NEW ORLEANS - Nancy Wilson, a three-time Grammy Award winner who called herself a "song stylist," died Thursday after a long illness at her home in Pioneertown, California according to her manager Devra Hall Levy. Wilson was 81.

Throughout her musical career Wilson cultivated an image of a poised yet passionate sophisticate known for her distinct, nuanced vocals. She presented tunes with pointed spoken sections such as with "Guess Who I Saw Today" which debut in 1960 with Capitol records, and "I'll Get Along Somehow." Capitol issued five Nancy Wilson albums in two years. Initially focusing on rhythm and blues, under Cannonball Adderley's influence, she moved away from R&B and embraced jazz and torch songs. Their 1962 collaboration "Nancy Wilson and Cannonball Adderley" helped propel her to the top, and she had her breakout hit, "Tell Me the Truth," in 1963. This brought her a gig at New York's Coconut Grove, the premier night club in America, the following year, and she became a star, charting 11 songs in the Hot 100, and four albums in Billboard's Top LP between 1964 and 1965.

In 1964, Wilson won her first Grammy for best R&B recording for her LP "How Glad I Am." She would later receive two more Grammys for Best Jazz Vocal Grammy Awards for her albums "R.S.V.P. (Rare Songs, Very Personal)" (2005) and "Turned to Blue" (2007).

New Orleans Jazz vocalist Stephanie Jordan who performed a musical tribute honoring the music of Nancy Wilson at the 2017 New Orleans Jazz & Heritage Festival said "Nancy Wilson is an icon of jazz. I was honored to be able to perform my rendition of Nancy's music while she was still with us. I was even more grateful to have the opportunity to let her know that I would be doing so. I will forever cherish that private conversation. She will truly be missed but never forgotten"

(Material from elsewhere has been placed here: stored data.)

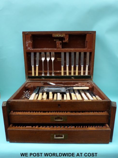 A Mappin and Webb oak canteen, part filled with cutlery
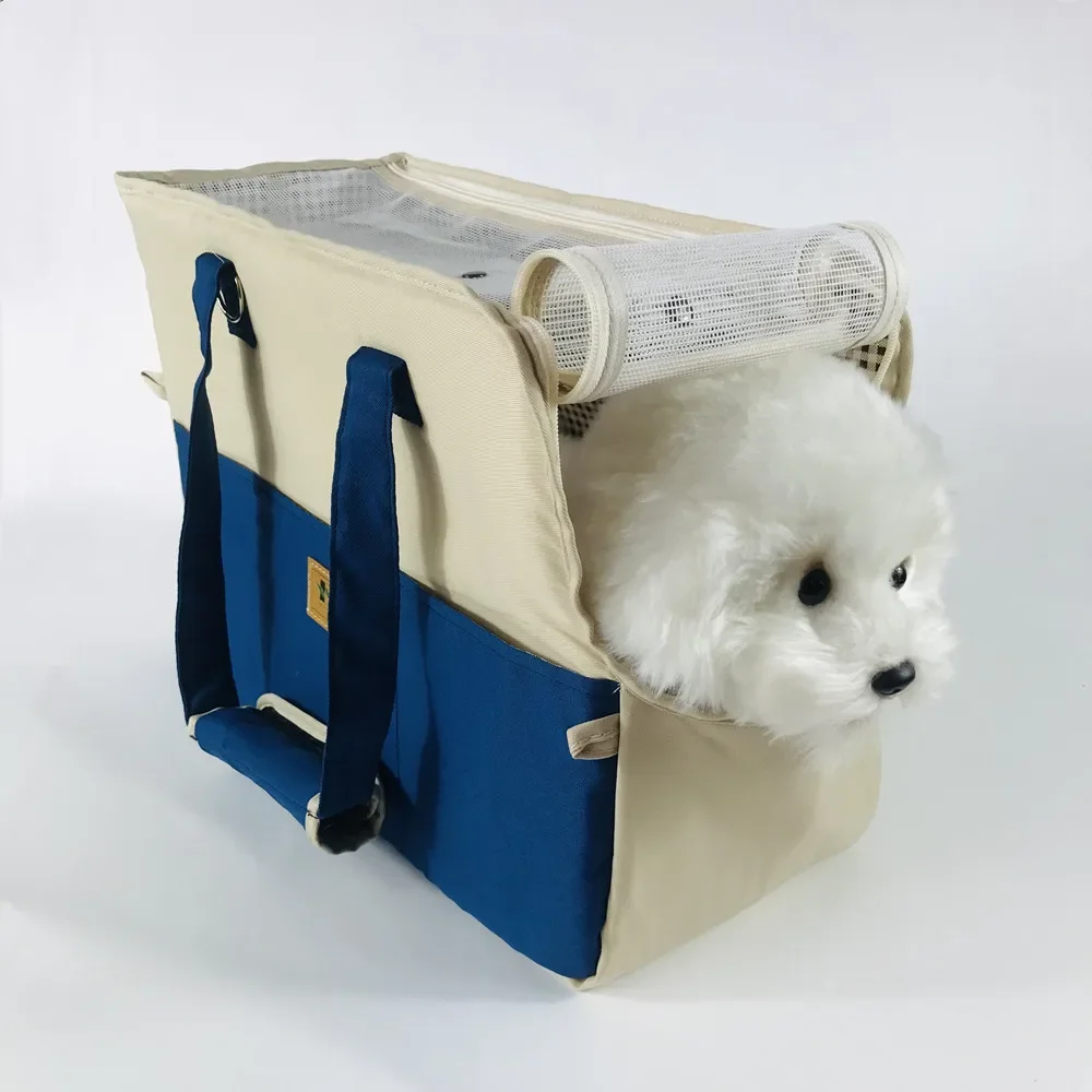 • Pet Car Seat Portable Cat Bag Going Out Dog Bag Breathable Pet Satchel One Shoulder Crossbody Canvas Backpack
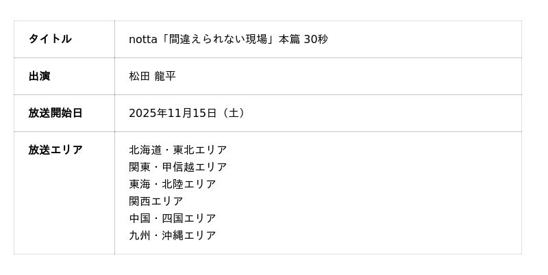 Notta株式会社(本社:東京都千代田区、代表取締役:Ryan Zhang、以下Notta)は、俳優の松田龍平さんを起用した初めてのTVCMを、2025年11月15日(土)より全国にて放送開始いたします。
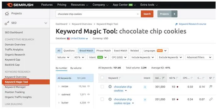 如果您想了解更多有关相关关键字的信息,那么 Semrush 有一个关键字魔术工具。这使您可以快速访问有关更广泛的相关关键字的信息。
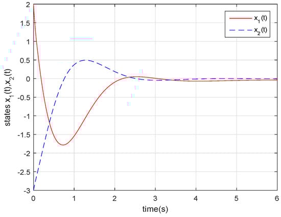 If we take , and have , in (16), then, expression (16) can be described as (6). Therefore, by using Lemma 3, the closed-loop control system (4) under the controller (3) is asymptotically stable,
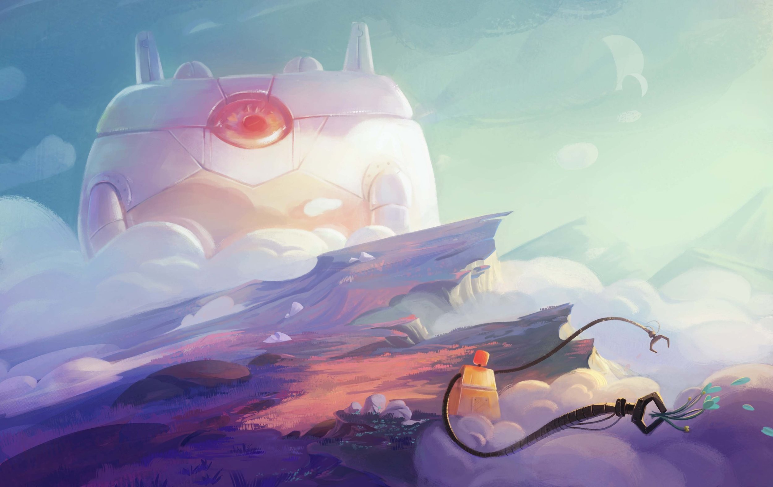 Hello ! Je viens me frotter à vos critiques et vos conseils (si vous le voulez bien). N'ayez pas peur d'appuyer là où ça fait mal ! Non pas que j'apprécie qu'on démonte mes illu ahah mais il faut bien passer par là pour progresser alors... lâchez vous x) J'ai l'impression que mon illu est désiquilibrée... vous me direz ce que vous en pensez. je ne sais pas si c'est ce vide à droite ou autre. J'ai aussi besoin de vos lumières pour une question que je me suis posée en faisant ce dp : Quand on veut mettre en avant deux éléments dans l'illu (ici le robot géant et le plus betit robot, enfin surtout sa mains qui tient la fleur), comment fait-on pour ne pas détailler de trop ? Là j'ai détaillé ,du coup, depuis la main du petit robot jusqu'au gros robot. Mais est-ce que ce serait peut être plus judicieux de choisir un seul point focal ? est dans ce cas, lequel dois-je prendre ? je ne sais pas si ma question est bien claire.... Je vous remercie d'avance 🙂 -
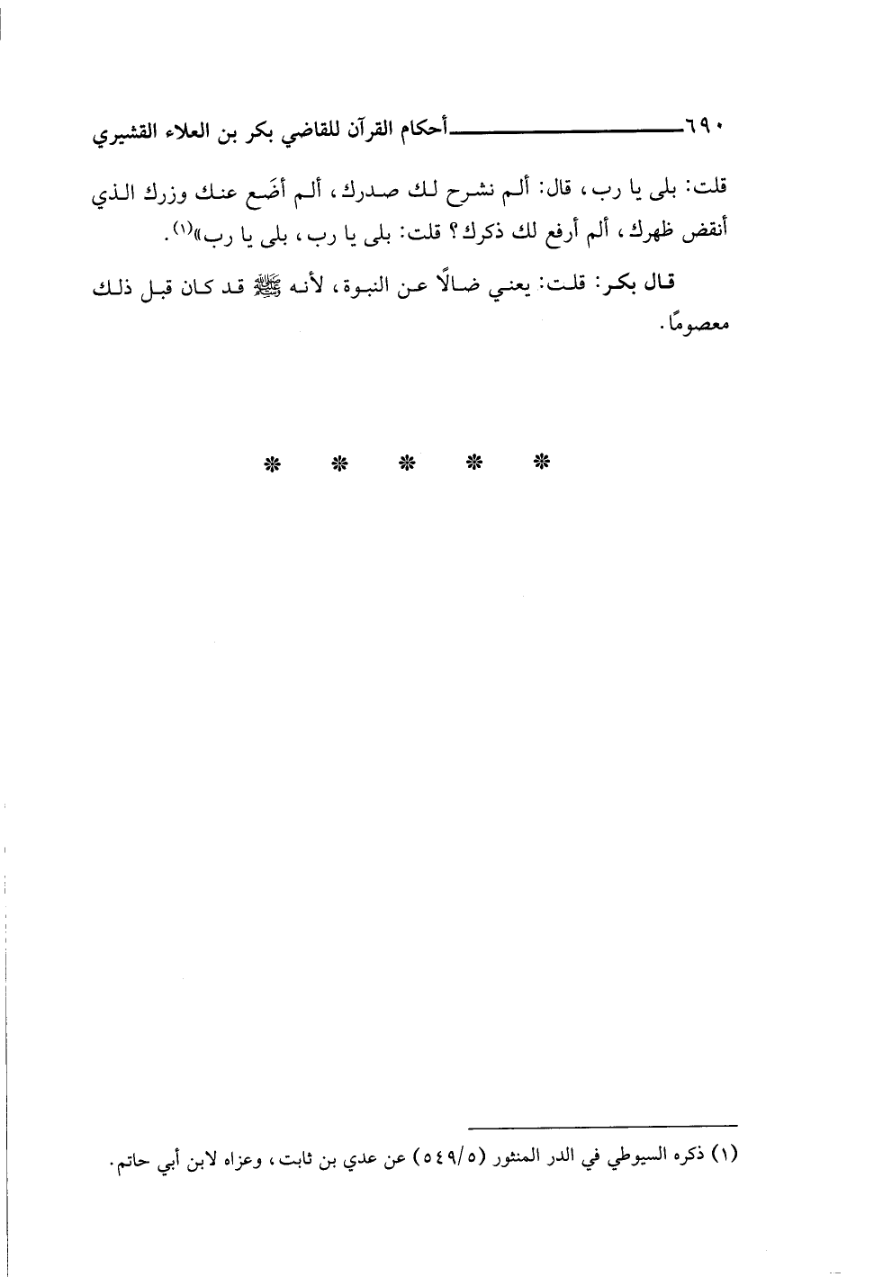 قال بكر: قلت: يعني ضالًا عن النبوة، لأنه -صلى اللَّه عليه وسلم- قد كان قبل ذلك معصومًا.

Wilson was a song stylist having recorded dozens of albums over the years, making an impact on classic pop, soul, jazz and adult contemporary audiences with a captivating stage presence. Not just a singer, Wilson had her own variety series in the '60s, the Emmy-winning The Nancy Wilson Show, and also made appearances in a variety of other programs, including The Ed Sullivan Show, The Carol Burnett Show, Sinbad and The Arsenio Hall Show as well as acting on "The Cosby Show" and dramatic series like "The F.B.I." and "Hawaii 5-O".

In the 1990s, she became the host of National Public Radio's "Jazz Profiles," a documentary series featuring jazz legends and the music legacy.

In 1998, Wilson received the NAACP Lifetime Achievement Award - having been active in the civil rights movement, including the 1965 march on Selma, Ala. The National Endowment for the Arts awarded Wilson a "Jazz Masters Fellowship" in 2004 for lifetime achievement.

Other honors included a star on the Hollywood Walk of Fame; International Civil Rights Walk of Fame inductee, United Negro College Fund Trumpet Award, and the Oprah Winfrey Legends Award.

The Associated Press reports that in 2007, when she turned 70, "Wilson was the guest of honor at a Carnegie Hall gala. 'After 55 years of doing what I do professionally, I have a right to ask how long? I'm trying to retire, people,' she said with a laugh before leaving the stage to a standing ovation."

Nancy was married twice, to drummer Kenny Dennis from 1960-70. They had one child. She married the Presbyterian minister Wiley Burton in 1973. Married 35 years until his death in 2008, they had two children.

According to a family statement, Wilson did not want a funeral. A celebration of her life will be held later.